No pasa lo mismo en la serie de cuadros sobre Marrakech, los más sintéticos de toda la exposición, donde Claramunt vuelve a las figuras humanas de los bajos fondos con una evidente mirada orientalista como la de Matisse, Fortuny o Delacroix en su momento, pero jugando estilísticamente con una superposición de planos y una gama cromática nueva. De la oscuridad de los inicios, pasamos ahora a un universo de marrones, calabazas y colores crema de una intensidad tan viva que, de repente, más que en una galería de arte del Eixample, hacen que uno se sienta exactamente en medio de la plaza Djemà-el-Fna e incluso perciba olor de taijin de pollo. La misma superposición de planos y las perspectivas distorsionadas muestran los cuadros de "Toro de invierno" y "Dolor de muelas", pinturas todas ellas creadas después de una visita del artista Claramunt en las cuevas de Altamira, allí donde todo parece más primitivo y primario. Más simple y directo. Más ancestral y auténtico. Por lo tanto, más telúrico y fabulosamente incomprensible.

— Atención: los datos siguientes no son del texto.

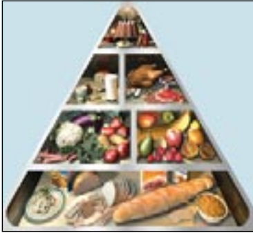
الهرم الغذائي... تبسيط ما نأكل
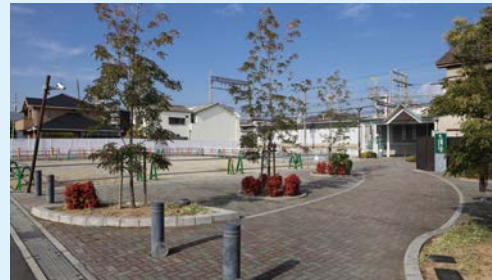
恵我ノ荘駅前南側広場

西浦東幼稚園・白鳥幼稚園・西浦幼稚園・軽里保育園を再編・統合する（仮称）第4こども園について、民設民営による公私連携幼保連携型認定こども園として令和10年度の開園をめざします。
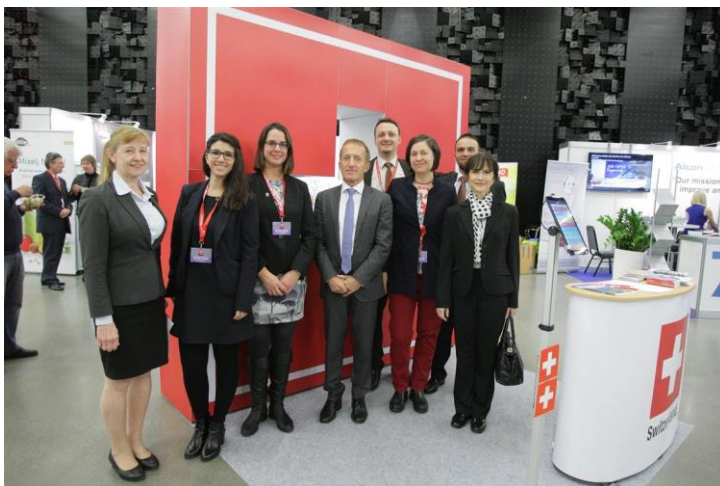
Ein Teil des Teams der Schweizer Botschaft am Swiss Business Day / A követség csapatának egy része a Swiss Business Day-en
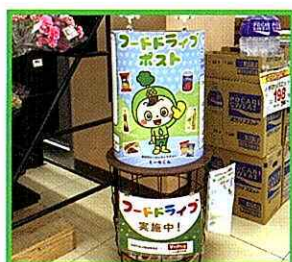
▲V・ドラッグ御嵩東店
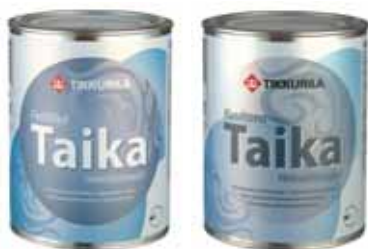
Крошущая перламутровая краска HM
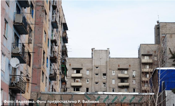
Фото: Авдиевка.
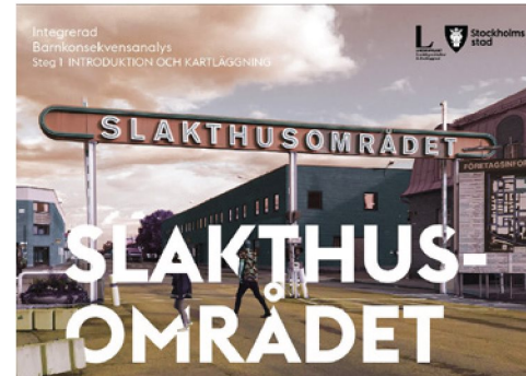
Integrerad barnkonsekvensanalys Slakthusområdet. Steg 1 - Introduktion och kartläggning (Landskapslaget, utkast daterad juni 2020).
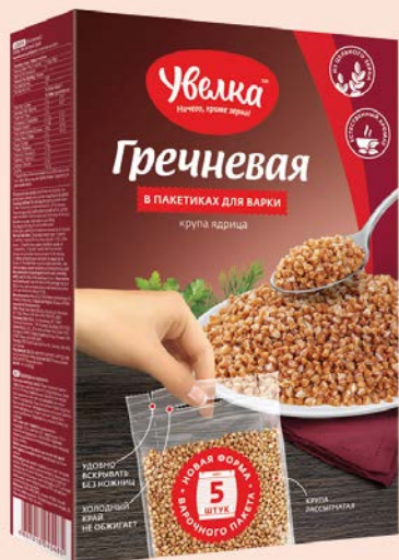
Крупа гречневая УВЕЛКА , Экстра, 5 пакетиков x 80 г
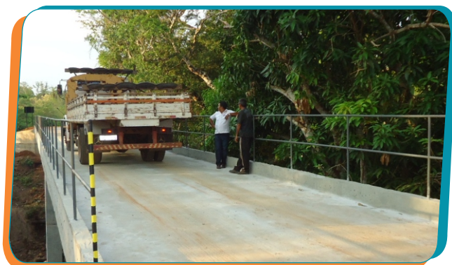
Construção da ponte sobre o rio Itaperucu, no Povoado Taboquinha era uma antiga aspiração da comunidade
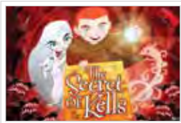
BRENDAN, HET GEHEIM VAN KELLS
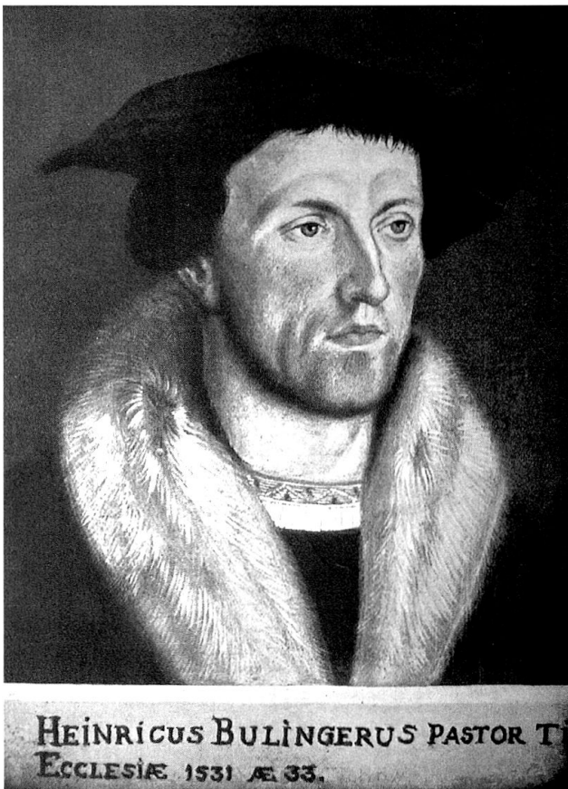
Heinrich Bullinger im Alter von 33 Jahren – unbekannter Künstler.

In der Reformationsgeschichte des Freistaates Gemeiner Drei Bünde nimmt die Einführung der Reformation in den Gemeinden des Engadins, dem Hochtal des Inns, eine besondere Rolle ein. 2 Für die entstehende reformierte Kirche des Freistaates war die Reformation der Gemeinden im Engadin von besonderer Wichtigkeit. Bis zum Ende des 16. Jahrhunderts entstand hier, mit der Ausnahme des Dorfes Tarasp im Unterengadin, das grösste geschlossene Gebiet reformierten Bekenntnisses im Freistaat Gemeiner Drei Bünde. Die Entwicklung, die dazu führte, verlief sehr kontrovers. In kaum einem anderen Teil des Freistaates wirkte sich die weitgehende Gemeindeautonomie 3 so
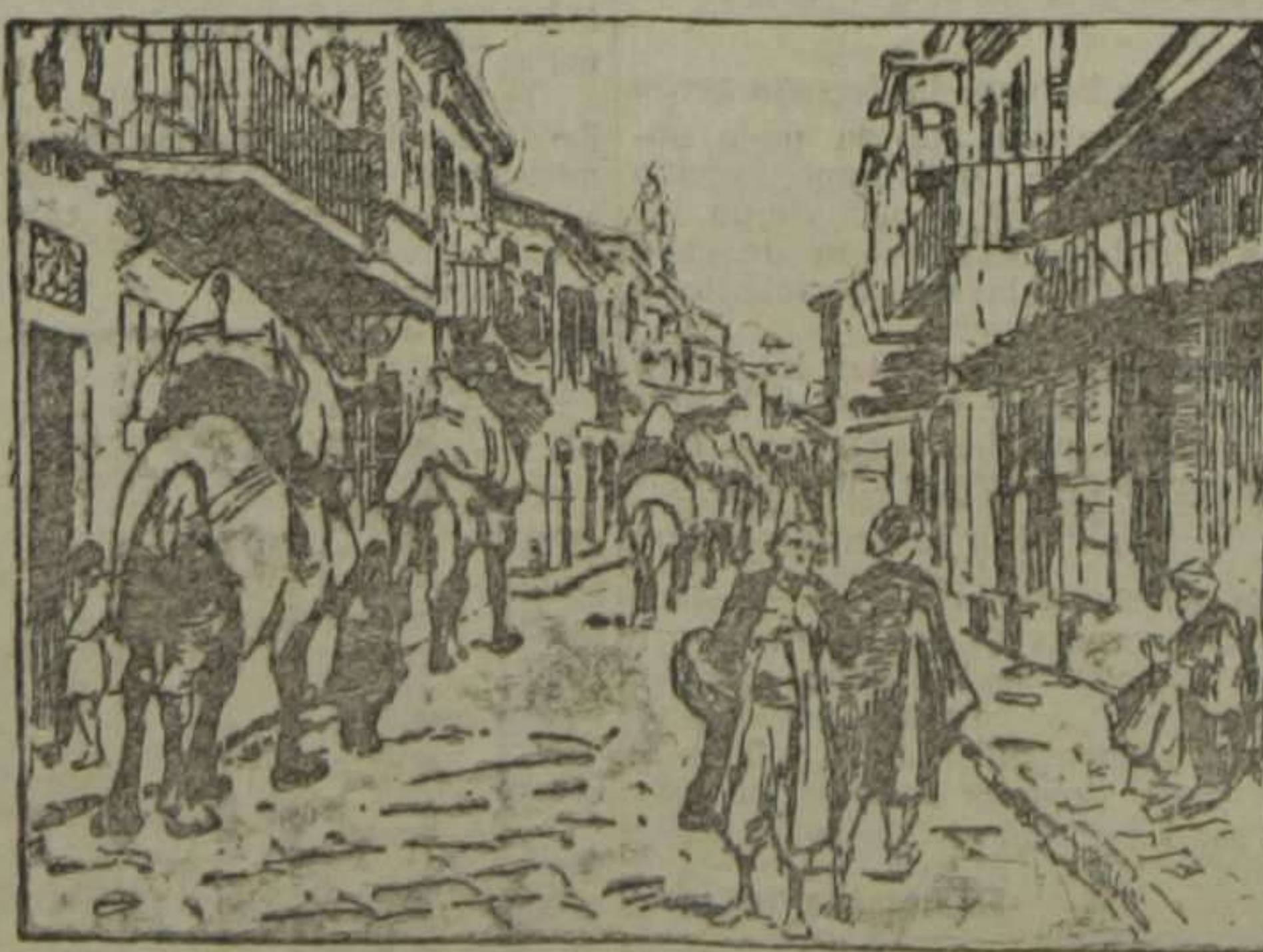
De la guerra.—Una calle de Smirna

Sombreros de segar y de eclesiástico CORREJERIA, 6 VALENCIA

Llegados al final, en un 20 de enero, hemos intentado que el personaje Claramunt no nos eclipsara una vez más la obra del artista Claramunt y es evidente que Naufragios y tormentas lo ha conseguido, pero también es evidente que es imposible no disociar una cosa de la otra. La trayectoria pictórica de Luis Claramunt acabó como un correlato objetivo de su trayectoria vital, tal como se puede ver en su última serie "Tormentas de hielo", donde el mar es cada vez menos literario para volverse más mental. Fue la última gran serie del artista Claramunt, que moriría a finales del año 2000 a Zarautz y del cual seguramente se ha oído hablar menos de lo que su obra merece desde entonces. Por el contrario, el personaje Claramunt célebremente fotografiado por Alberto García-Alix ha permanecido mejor a la memoria colectiva. Si el segundo mató en cierta forma al primero, la Fundación Vila Casas se ha propuesto invertir la situación y hacer justicia artística. Tiene todo el sentido del mundo y ya lo decía Ferrater: a veces, para hacer bien las cosas hace falta hacerlas al revés.